> [EXERCISE]: The lines from the beginning of the records below through the one holding "Als ik bij mijn" are to be copied exactly; leave the pictures out.

EXERCISE MATERIALS Start Marker

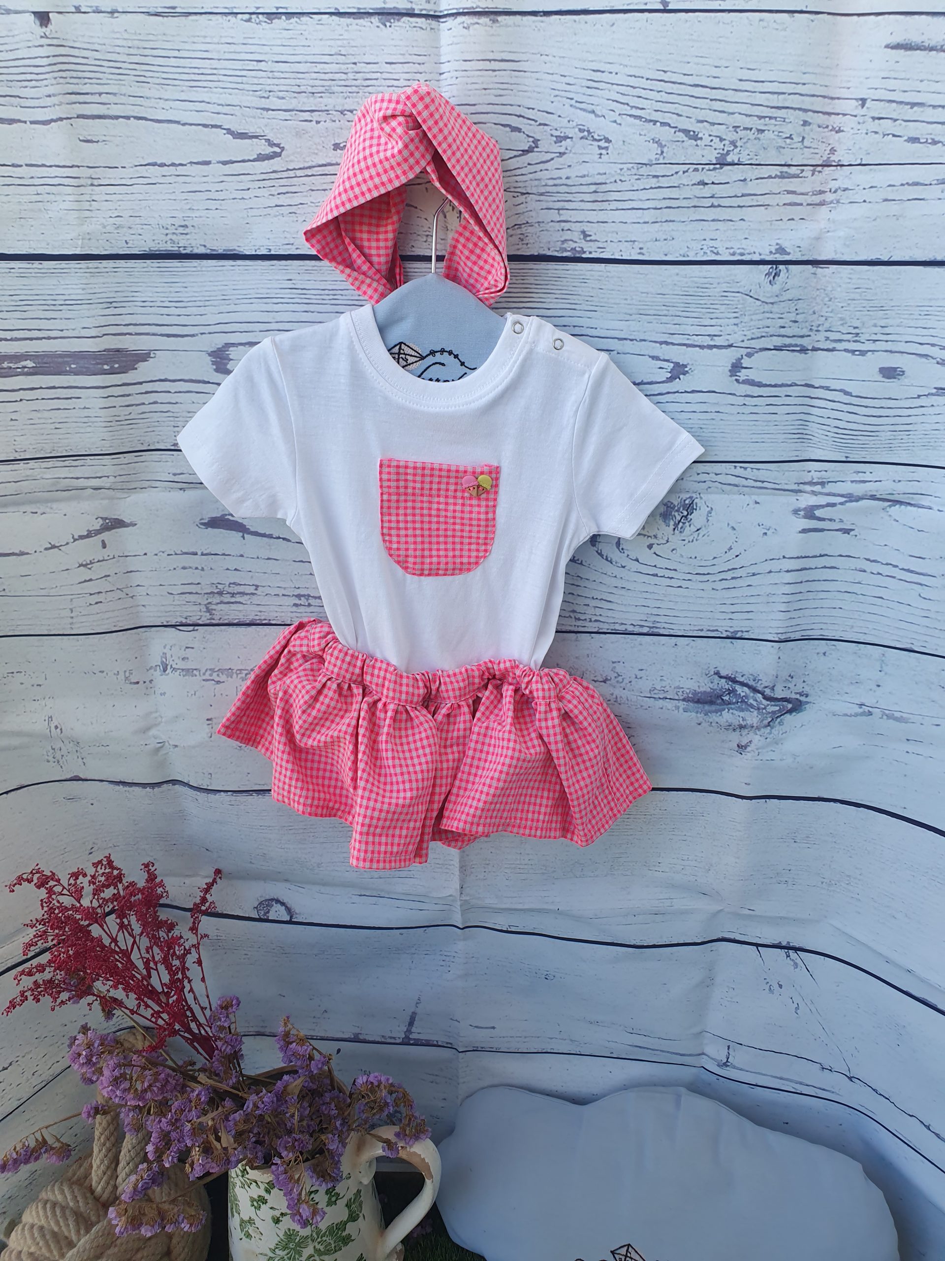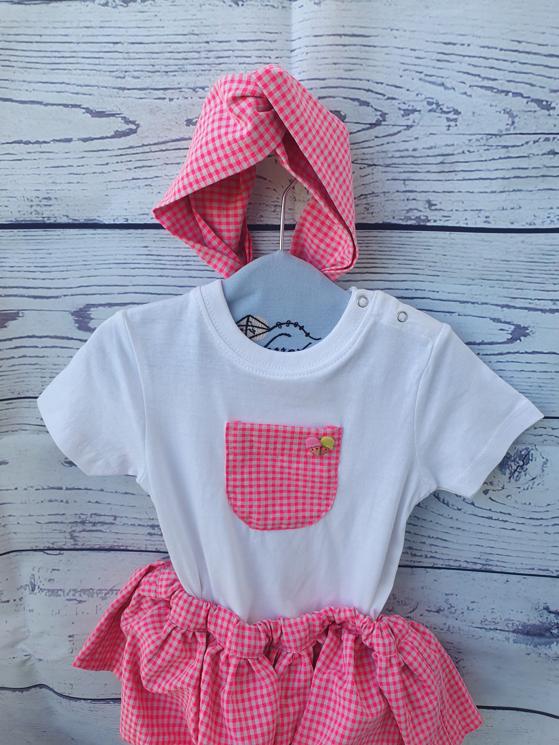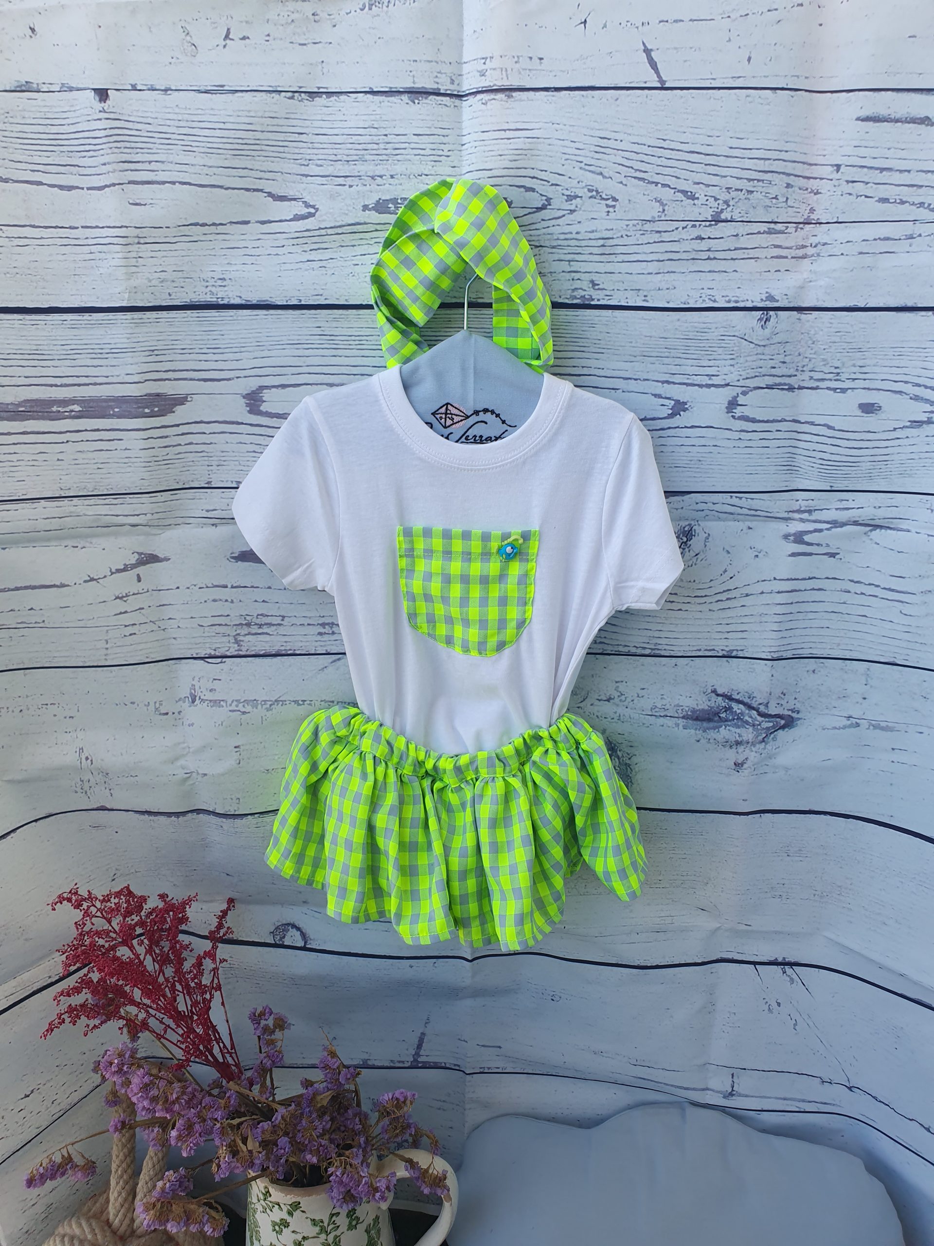 Falda rayas con flores flúor con camiseta a juego.
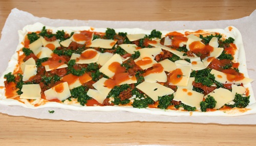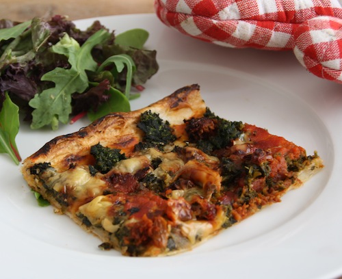 Als ik bij mijn zus in Brussel lunch, maakt ze vaak een hartige taart erbij. En nee, dat zijn geen tien centimeter dikke ei-room kanonnen. Net als bij haar skinny courgette-quiche gebruikt ze gewoon een plak deeg, gooit daar wat ingrediënten op en hup de oven in. Super snel, en ook veel minder ongezond dan zo’n dikke hartige taart. Vandaag in de 5 or less mijn variant van de super snelle hartige taart, een met tomaat, spinazie, kaas en Serranoham.
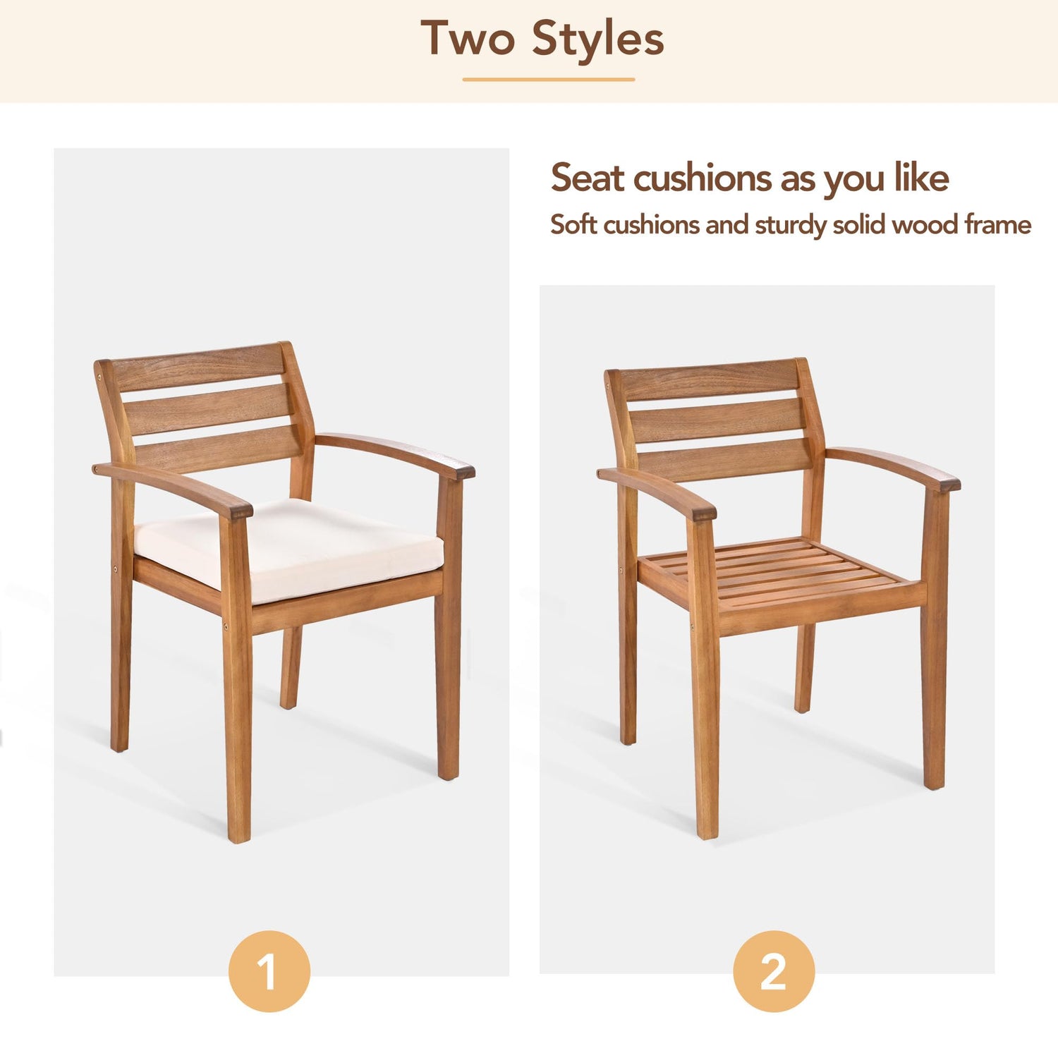 Details: With Cushions: The chairs in the set are made of 100% acacia wood, ensuring the chair is stable and strong for any size person sitting. Equipped with beige removable cushions, which add additional comfy and can be easily washed.
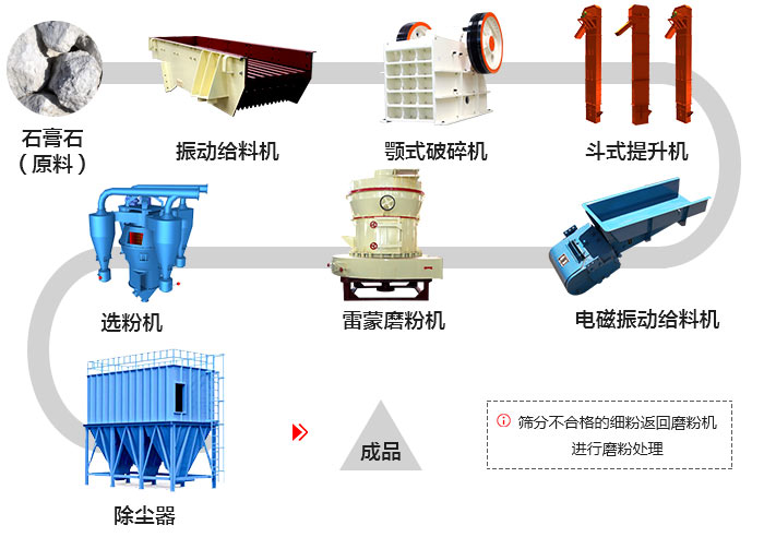 大块的石膏石原料在给料机的作用下,并均匀、连续的送入颚式破碎机进行粗碎加工,破碎后的石膏石在斗式提升机的作用下被送入料仓,之后由电磁振动给料机均匀、定量的送到雷蒙磨粉机进行磨粉加工,经磨粉后的粉末在鼓风机的租用下吹向分析机进行分选,分选后的物料由广岛输送到大旋风收粉器,后经出料口输出。
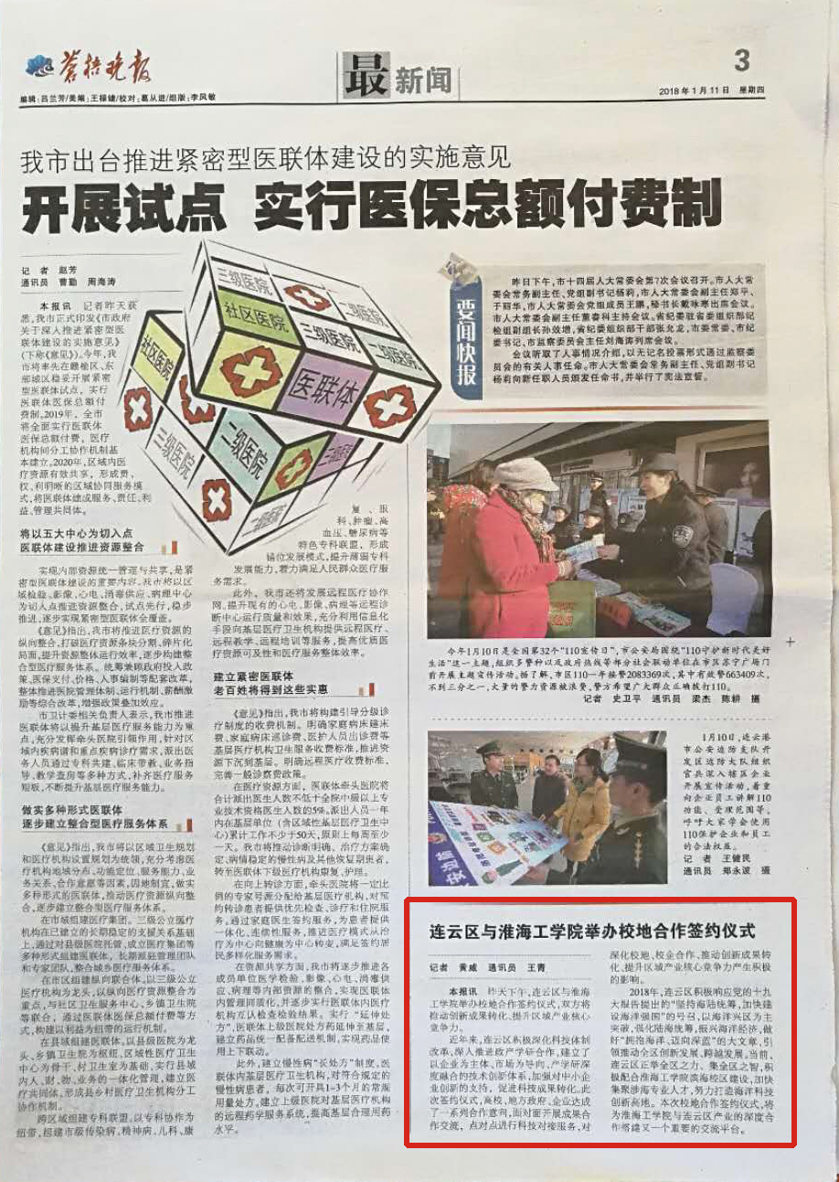 昨天下午,连云区与淮海工学院举办校地合作签约仪式,双方将推动创新成果转化、提升区域产业核心竞争力。
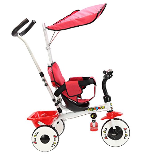Studio : MTN Gearsmith Publisher : MTN Gearsmith Product Description Description This is our new ultimate 4-in-1 tricycle. The perfect Fit 4-in-1 trike is ready to grow with your child! With all of the features of your favorite stroller, this trike is not only a perfect fit for your child but also a "perfect fit" for parents too! The removable shade canopy will protect your child from the elements, while you can check on her with the canopy's peek-a-boo flap. Carry snacks and toys in the handy rear cargo basket. When he is ready to pedal the trike, the foot rest is easily raised or lowered out of the way. Simply remove the height-adjustable handle when the child is all set to ride solo. The trike has quiet ride tires when pedaling. Competitive Price With High Quality Can Be Realized Here. Welcome! Feature Brand new and high quality. Can be assembles in 4 ways according to your kid's age Removable canopy for UV protection High-back seat for comfort and safety removable wrap around safety bars Multi Adjustable Push handle can control tricycle movement Front and Back Foldable Footrest, Pedals become footrests for early stages Back storage basket Includes bell Specifications Color: Green, Red Material: iron and PP plastic (frame), rubber(wheels), 600D oxford cloth(shade canopy), EVA sponge(protect bar and holder) Overall Dimension: 33' x 19' x 39' Product Weight: 18lbs weight Capacity: 55lbs Suitable age:1-4 years old Package included: 1 x children tricycle, 1 x installation manual 0
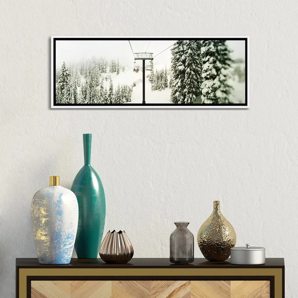 Icanvas "Chair Lift And Snowy Evergreen Trees At Stevens Passwashington State, Usa" By Panoramic Images Framed Canvas Print - 12x36 - White
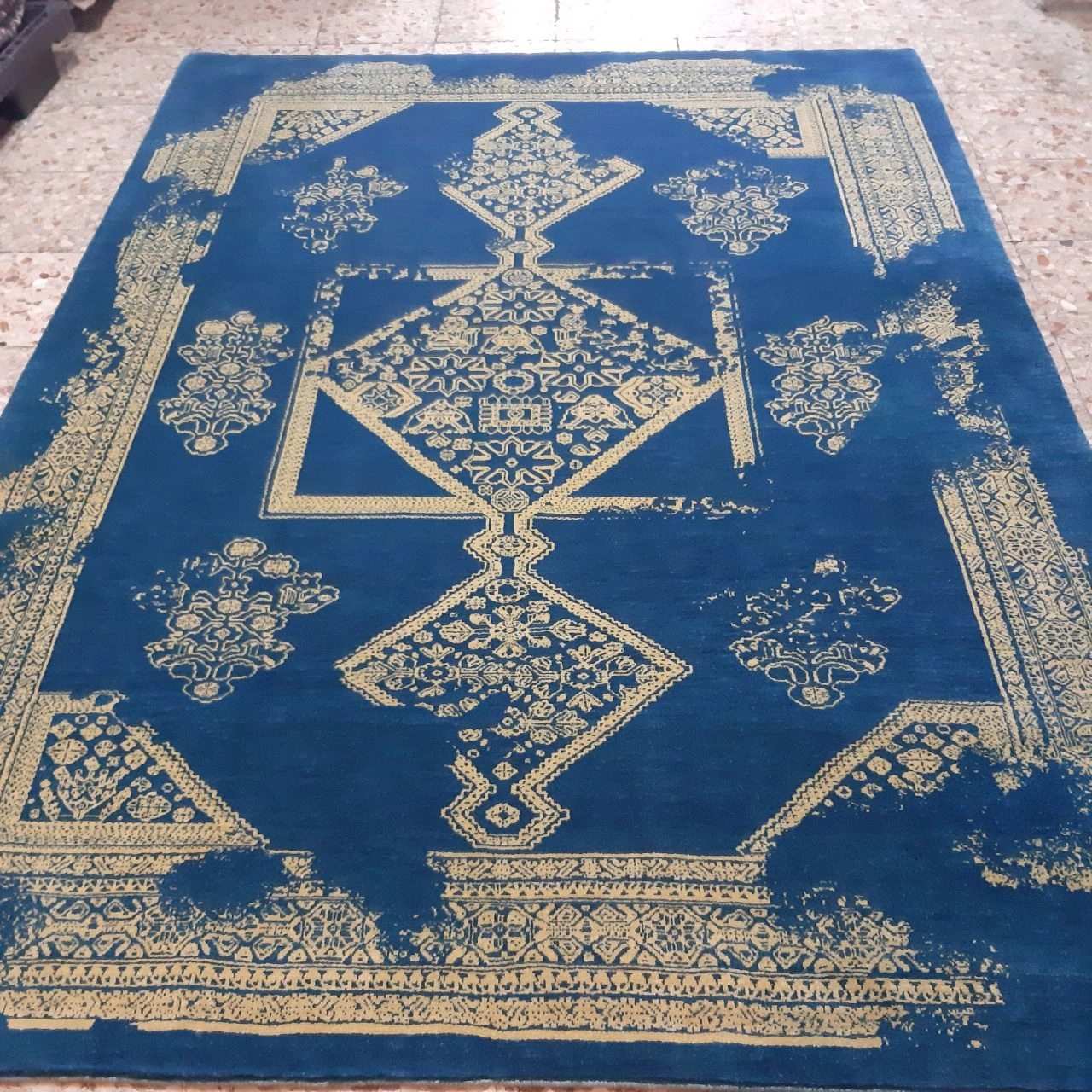 فرش دستباف پرده کردستان (نقشه لچک ترنج آبی)

EXERCISE MATERIALS End Marker

> [FINISHED EXERCISE]:
 Falda rayas con flores flúor con camiseta a juego.
 Als ik bij mijn zus in Brussel lunch, maakt ze vaak een hartige taart erbij. En nee, dat zijn geen tien centimeter dikke ei-room kanonnen. Net als bij haar skinny courgette-quiche gebruikt ze gewoon een plak deeg, gooit daar wat ingrediënten op en hup de oven in. Super snel, en ook veel minder ongezond dan zo’n dikke hartige taart. Vandaag in de 5 or less mijn variant van de super snelle hartige taart, een met tomaat, spinazie, kaas en Serranoham.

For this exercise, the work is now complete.